▶ THE DATA
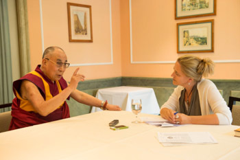 After lunch, Karin Steinberger, Features Editor of the Suddeutsche Zeitung, Germany's leading national newspaper interviewed His Holiness, principally about the prospects for his future reincarnation. He told her that he had completely retired from his political responsibilities, but retained his spiritual role. He spoke of how Tibetan settlements were established in India that allowed for the stable re-establishment of the great monasteries. As a result there are scholars who can take the religious tradition forward. He suggested that there are institutions that belong to the past feudal system that need to change. He pointed out that the institution of Dalai Lamas is not necessary for the preservation of the Tibetan Buddhist tradition. Laughing, he added that if he were to be the last Dalai Lama, at least the institution would end with someone who had a lot of friends.
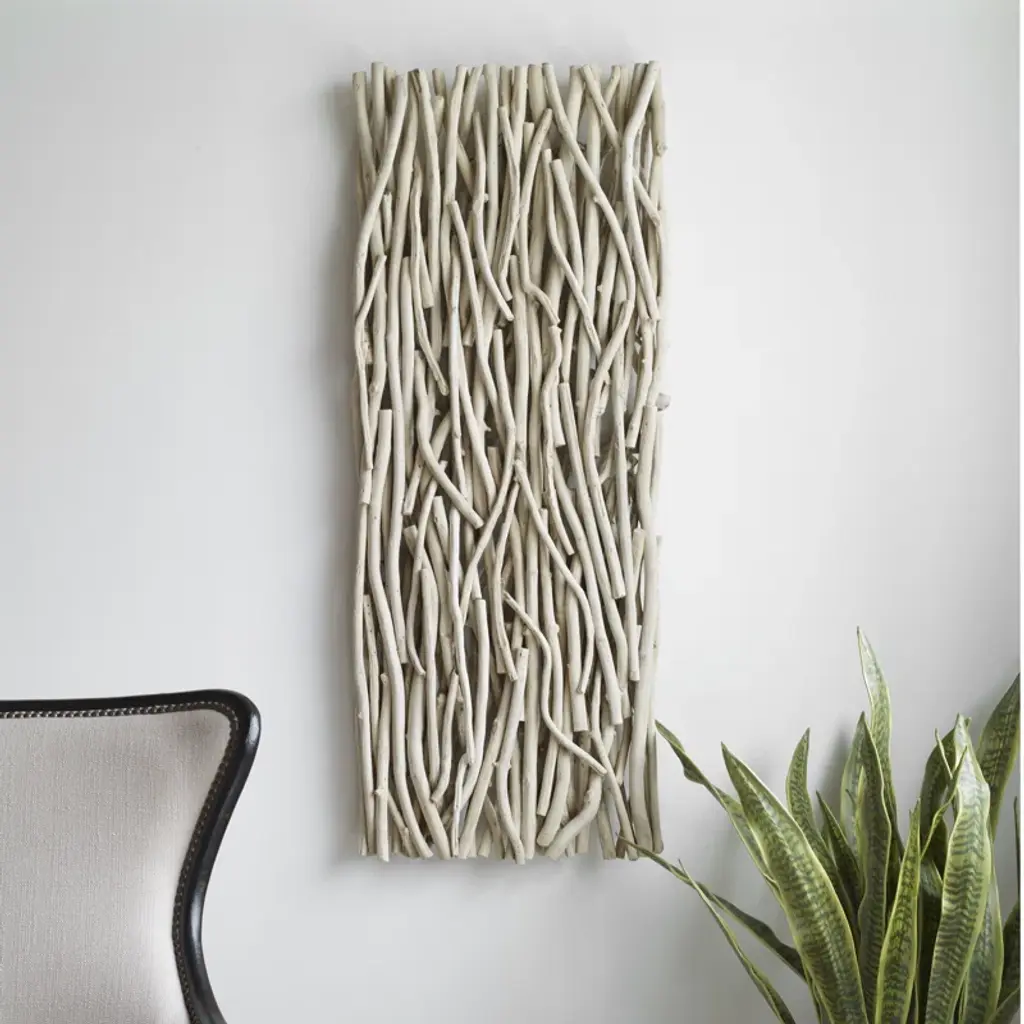This Oversized Wood Wall Panel Is Artfully Created From Teak Branches In A Contemporary Black Finish. May Be Hung horizontally or vertically.
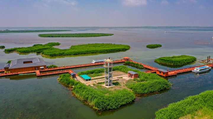 這是2023年6月19日拍攝的巴彥淖爾市烏拉特前旗境內(nèi)的烏梁素海(無人機(jī)照片)。新華社記者劉磊攝
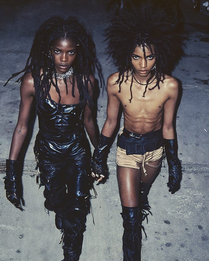 Gesture is minimal and precise. A tilt of the head; hair extended as a vector; two figures advancing with direct gaze. Clothes behave as armor, then as skin. The images often hold at the edge of erotic charge yet remain controlled; fashion rhetoric without cliché.
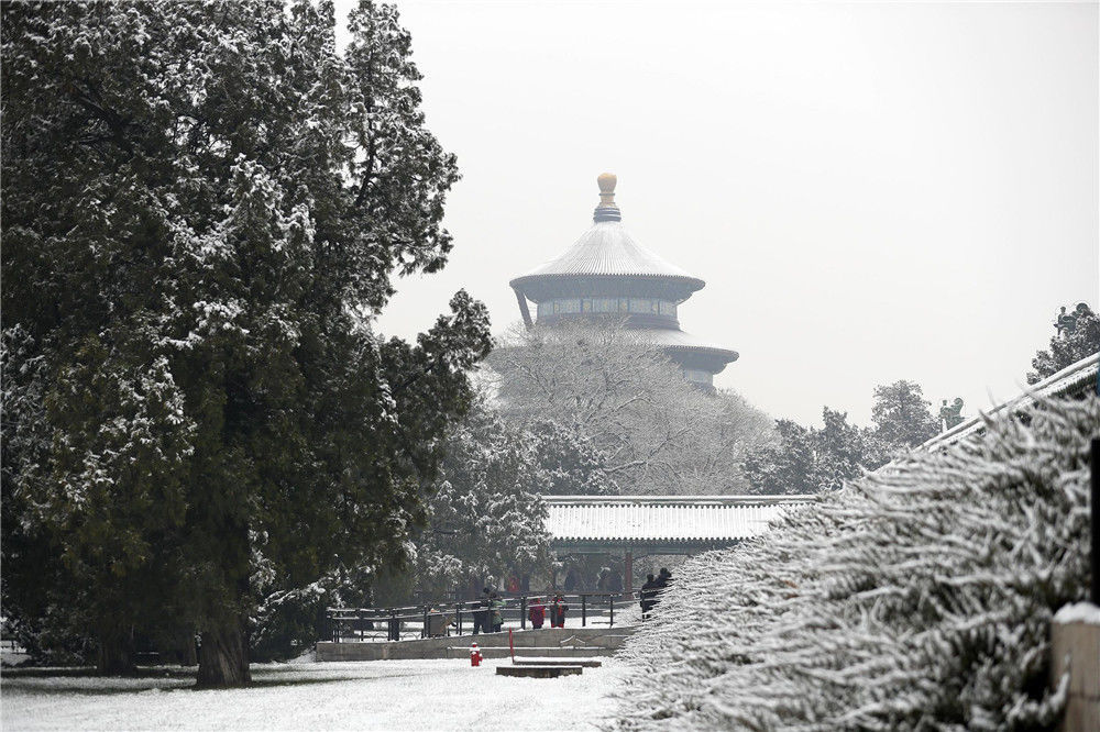 2019年11月30日,民眾在北京天壇公園內(nèi)賞雪。29日,北京迎來2019年冬季初雪。富田(攝影部)/中新社/視覺中國(guó)
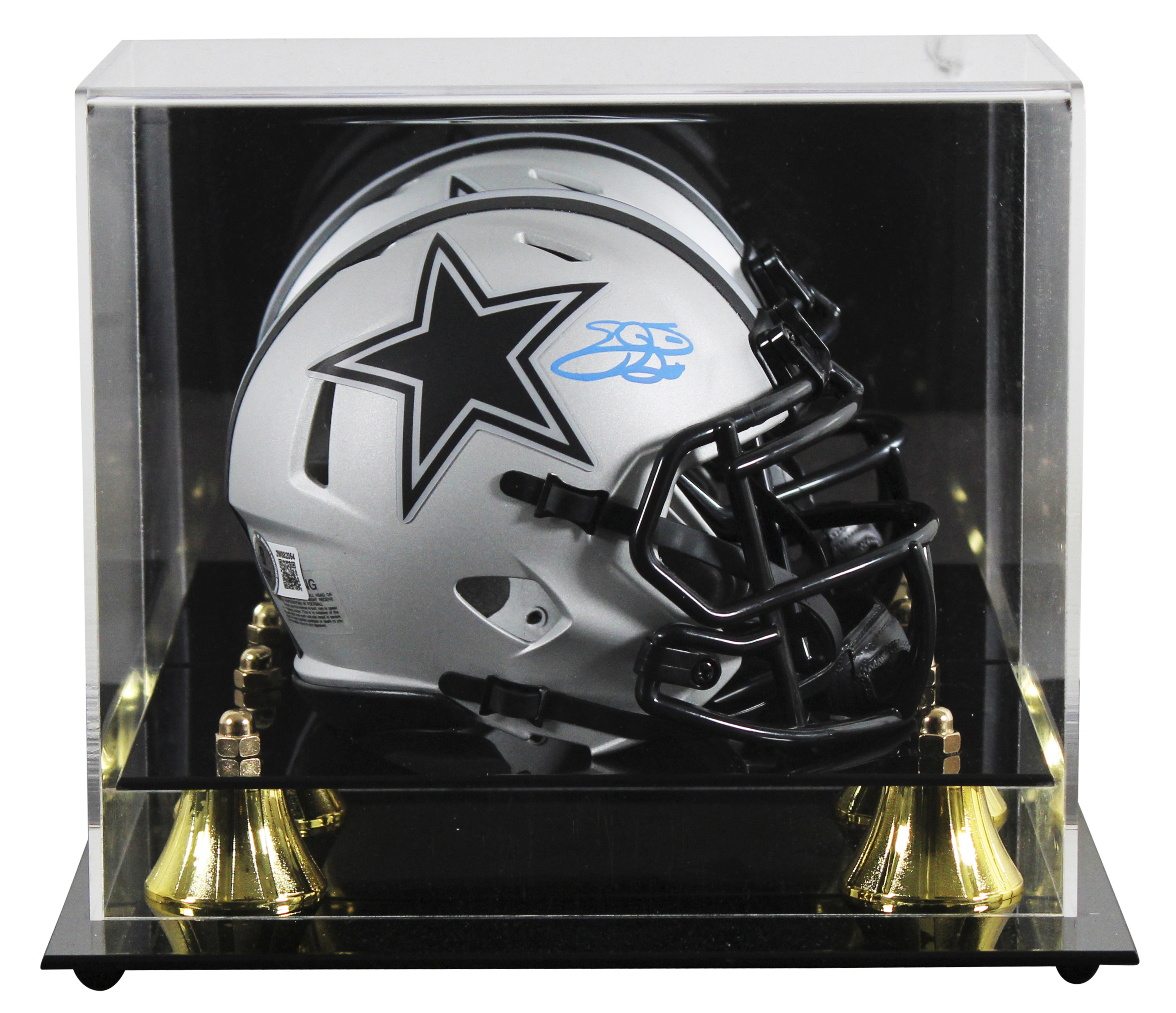 This Autographed Alternate Rave Speed Mini Helmet W/ Uv Mirrored Back Acrylic Display Case has been Personally Signed by Emmitt Smith of the Dallas Cowboys. This item is 100% Authentic to include a hologram by Beckett Authentication Services. This item will come with an affixed Beckett Authentication Services (BAS) authentication sticker, which includes a scannable QR code to verify authenticity. Please note that Beckett no longer provides serial-numbered COA cards, and the attached BAS sticker will serve as the complete authentication for this item. This is a BAS Witnessed Protection Program item which means a Beckett Authentication Service representative was present when this item was being signed. We conducted an autograph signing with Emmitt Smith where multiples of the same item were signed. While the photographs are representative of this item, the size, placement and strength of the signature may vary. Each item is hand signed, therefore, each autograph is unique. This item can be verified through BAS Witnessed.
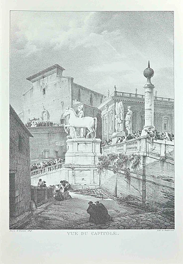 Vue du Capitole is a print realized after Godefroy Engelmann in the 1970s.Signed on the plateOffset on paperGood condition with slight foxing.

▶ ABOUT THIS EXERCISE
The material above should be printed again exactly, with each picture left out.

▶ SOLVED PROBLEM
 After lunch, Karin Steinberger, Features Editor of the Suddeutsche Zeitung, Germany's leading national newspaper interviewed His Holiness, principally about the prospects for his future reincarnation. He told her that he had completely retired from his political responsibilities, but retained his spiritual role. He spoke of how Tibetan settlements were established in India that allowed for the stable re-establishment of the great monasteries. As a result there are scholars who can take the religious tradition forward. He suggested that there are institutions that belong to the past feudal system that need to change. He pointed out that the institution of Dalai Lamas is not necessary for the preservation of the Tibetan Buddhist tradition. Laughing, he added that if he were to be the last Dalai Lama, at least the institution would end with someone who had a lot of friends.
This Oversized Wood Wall Panel Is Artfully Created From Teak Branches In A Contemporary Black Finish. May Be Hung horizontally or vertically.
 這是2023年6月19日拍攝的巴彥淖爾市烏拉特前旗境內(nèi)的烏梁素海(無人機(jī)照片)。新華社記者劉磊攝
 Gesture is minimal and precise. A tilt of the head; hair extended as a vector; two figures advancing with direct gaze. Clothes behave as armor, then as skin. The images often hold at the edge of erotic charge yet remain controlled; fashion rhetoric without cliché.
 2019年11月30日,民眾在北京天壇公園內(nèi)賞雪。29日,北京迎來2019年冬季初雪。富田(攝影部)/中新社/視覺中國(guó)
 This Autographed Alternate Rave Speed Mini Helmet W/ Uv Mirrored Back Acrylic Display Case has been Personally Signed by Emmitt Smith of the Dallas Cowboys. This item is 100% Authentic to include a hologram by Beckett Authentication Services. This item will come with an affixed Beckett Authentication Services (BAS) authentication sticker, which includes a scannable QR code to verify authenticity. Please note that Beckett no longer provides serial-numbered COA cards, and the attached BAS sticker will serve as the complete authentication for this item. This is a BAS Witnessed Protection Program item which means a Beckett Authentication Service representative was present when this item was being signed. We conducted an autograph signing with Emmitt Smith where multiples of the same item were signed. While the photographs are representative of this item, the size, placement and strength of the signature may vary. Each item is hand signed, therefore, each autograph is unique. This item can be verified through BAS Witnessed.
 Vue du Capitole is a print realized after Godefroy Engelmann in the 1970s.Signed on the plateOffset on paperGood condition with slight foxing.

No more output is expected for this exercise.